“The Bravest Knight” Continues Season 2 With New Nonbinary Character
Published: 07/07/2025

Hulu’s animated series The Bravest Knight, starring a two-dad family, has just dropped the rest of its second season, which includes a new nonbinary character played by Asia Kate Dillon. Watch a clip here in which they share their pronouns, and read what the creator says about the season!

Admiral Akers, from Hulu's The Bravest Knight (Big Bad Boo Studios)
Admiral Akers, from Hulu’s The Bravest Knight (Big Bad Boo Studios).

The Show and the Season

The animated series—the first children’s television series on a mainstream network to star a family with same-sex parents—is based on Daniel Errico’s picture book, The Bravest Knight Who Ever Lived. In the book, a young pumpkin farmer named Cedric becomes a knight and marries the prince of his dreams. The television series shows Sir Cedric and Prince Andrew now with a daughter, Nia, who is training to be a knight herself. In each episode, Cedric shares stories with her about how he transformed from a “not-yet knight” to a full-fledged one, conveying gentle life lessons, all wrapped in a layer of smart humor and fun.

The second season has overarching plotlines about Nia preparing for a big tournament and Young Cedric searching for a dragon, while individual episodes include themes about working together, dealing with failure, caring for the environment, not treating all formerly incarcerated people as villains, what makes a good leader, and even what happens when one loses to people in power who don’t deserve to be.

Errico, now the show’s head writer and executive producer, told me:

I’m excited for viewers to see some fun fairytale adventures and new representation in the final episodes of Season Two. And I’m also excited for them to see Nia and Cedric learn hard lessons that they hadn’t faced before. We end Season Two in a much different place than Season One, and I hope it helps remind people that a knight’s path can’t be stopped by ogres, or golems, or even dragons, as long as they stay true to themselves and their journey.

A New Nonbinary Character

One new episode, “Cedric & Pirate Cove,” also introduces guest star Asia Kate Dillon (Orange Is the New BlackBillions) as the seafaring Admiral Akers. Akers at one point gently corrects another character who had assumed the wrong pronouns for them. “I don’t go by ‘he;’ I go by they,” Akers says. “Some are ‘he’ and some are ‘she,’ but neither one will do for me,” they quip.

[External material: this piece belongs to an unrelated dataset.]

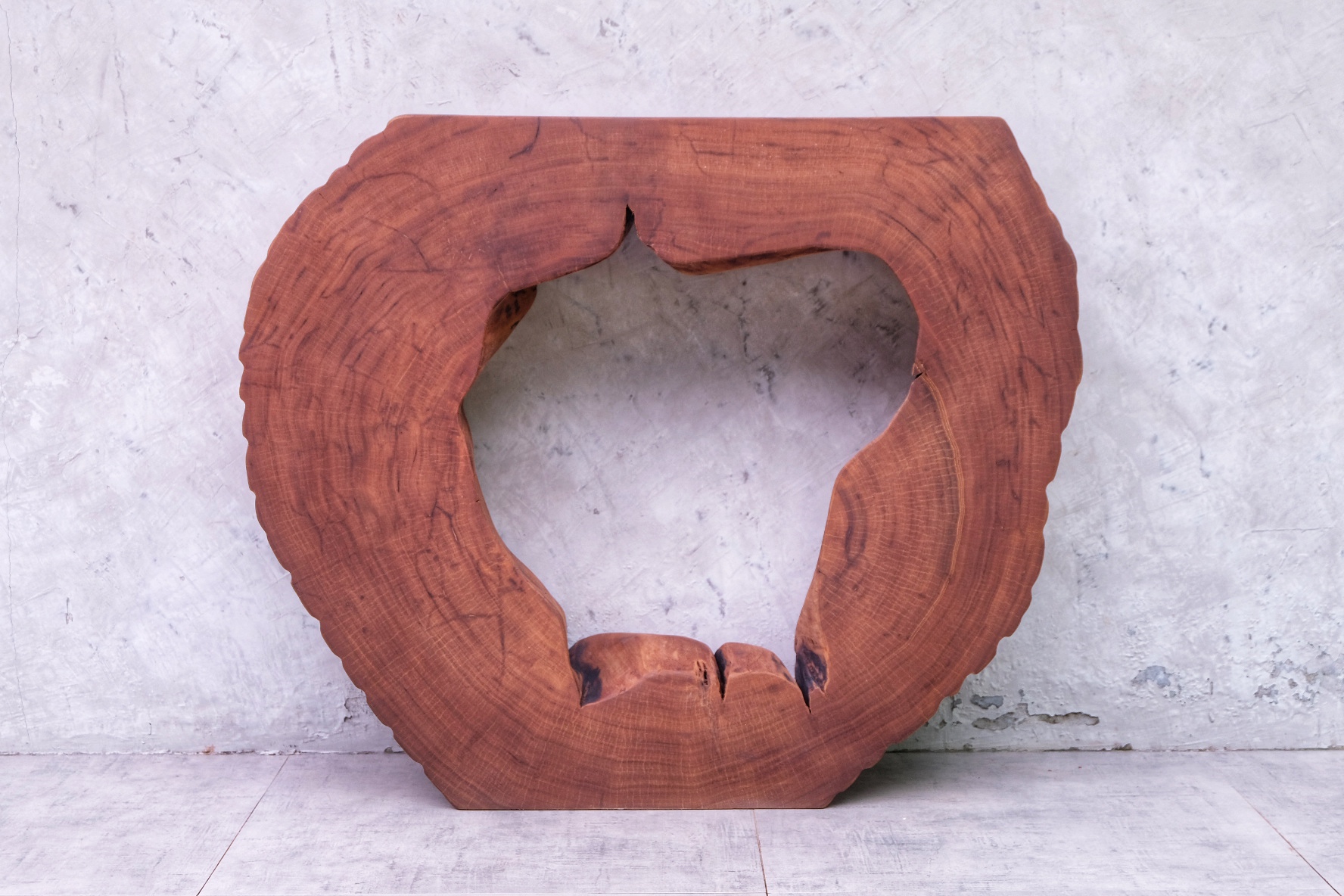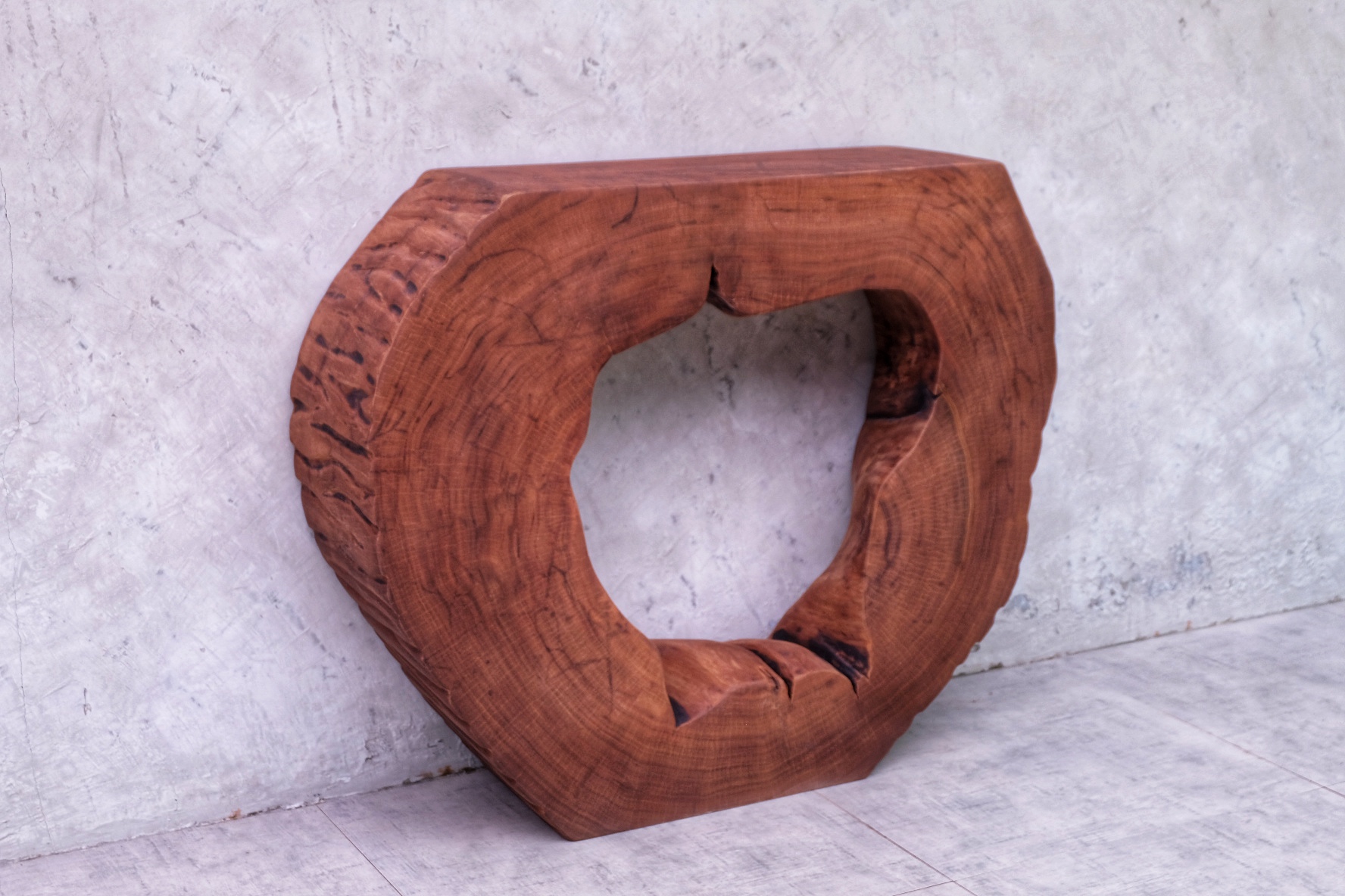 " คอนโซลไม้หลุมพอ " คอนโซลชิ้นนี้ถูกสร้างขึ้นด้วยความประณีตบรรจงจากไม้หลุมพอที่มีอายุหลายร้อยปี ไม้นี้ถือเป็นหนึ่งในไม้ที่แข็งแกร่งและทนทานที่สุดในโลก มีลวดลายและสีสันที่เป็นเอกลักษณ์ ซึ่งเป็นผลมาจากการเจริญเติบโตอย่างช้าๆ ในสภาพแวดล้อมที่เต็มไปด้วยความสมบูรณื นี่จึงเป็นสิ่งที่คุ้มค่าที่จะครอบครอง เพราะไม่เพียงแต่เป็นการแสดงถึงความงามของไม้ แต่ยังเป็นการเชื่อมโยงระหว่างปัจจุบันกับอดีต ผ่านงานฝีมือที่ถ่ายทอดความรักในธรรมชาติจากรุ่นสู่รุ่น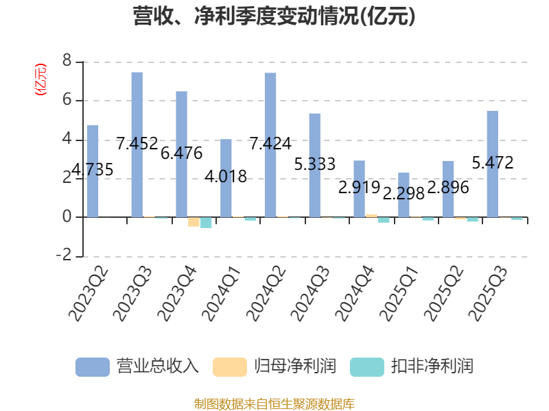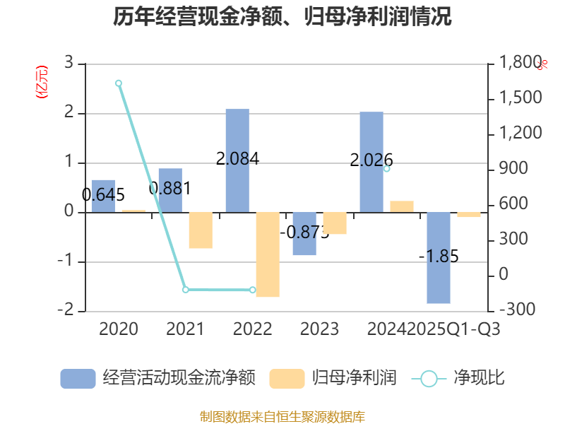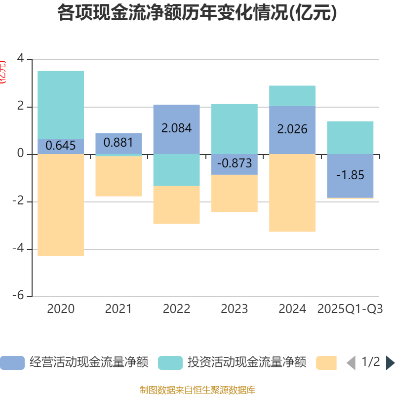 2025年前三季度,公司经营活动现金流净额为-1.85亿元,同比减少3.23亿元;筹资活动现金流净额-347.38万元,同比增加1.42亿元;投资活动现金流净额1.38亿元,上年同期为9598.81万元。

The storyline then quickly moves on. I like that the show doesn’t make a Big Deal of the pronoun lesson or of Akers’s nonbinary identity, but simply models appropriate usage and behavior in the context of an everyday social interaction. Just as the show isn’t “about” having same-sex parents, but nevertheless offers important representation, as Errico told me in a 2019 interview, it takes the same approach for nonbinary people. Watch the scene here:

Other guest stars this season include queer actors Alan Cumming, Jane Lynch, Margaret Cho, Emily Hampshire, Cynthia Nixon, Ali Stroker, and Nina West. The rest of the cast is comprised of both queer actors and allies: regulars T.R. Knight (Sir Cedric); Wilson Cruz (Sir Cedric’s husband Prince Andrew), Millie Davis (Nia, Cedric and Andrew’s daughter), Desmond Sivan (Young Cedric), Bobby Moynihan (Grunt), Teri Polo (Saylor), Steven Weber (Head Knight), and Margaret Cho (Cho). It is produced by Big Bad Boo Studios and directed by Shabnam Rezaei.

Themes for Resilience

I very much appreciate that the show seems to sense what many of its viewers’ families may be feeling at the current moment of U.S. history, and tries to give children tools for understanding and resilience. The episode “Cedric & Mayor Hobble,” for example, involves an unqualified but charismatic character running for reelection as mayor of one of the kingdom’s towns, and claiming to be “the best mayor in the entire kingdom.” His supporters adore him and heckle his opponent. The analogy seems obvious, at least for adults—though the point doesn’t seem merely to poke fun at a public figure, but rather to convey a lesson about the importance of electing qualified leaders.

Perhaps even more importantly, the final episode of the season tells parallel tales of failure and loss, both personal and kingdom-wide. Nia’s papa, Sir Cedric, advises her, “If you can remember who you are, even in defeat, then nothing can stop you.” And her dad, Prince Andrew, reminds her that after a defeat, “It’s what you do next that matters. So the question is: What are we going to do now?” The show smartly stays away from offering an exact analogy to our country’s recent stumbles; the lesson is broadly applicable to a variety of failures big and small. But for adults trying to explain to children how they feel about the state of our country right now, and why it is important not to give up, it may offer some jumping-off points for discussion.

All of the above may make the show sound more serious than it is, so let me stress that it is also a simply delightful and entertaining series, simultaneously warm-hearted, funny, and full of adventure (and burp jokes). I wish it had been around when my now-grown son was younger—and I hope that the clear set-up for Season Three means we’ll be seeing more of it in the future.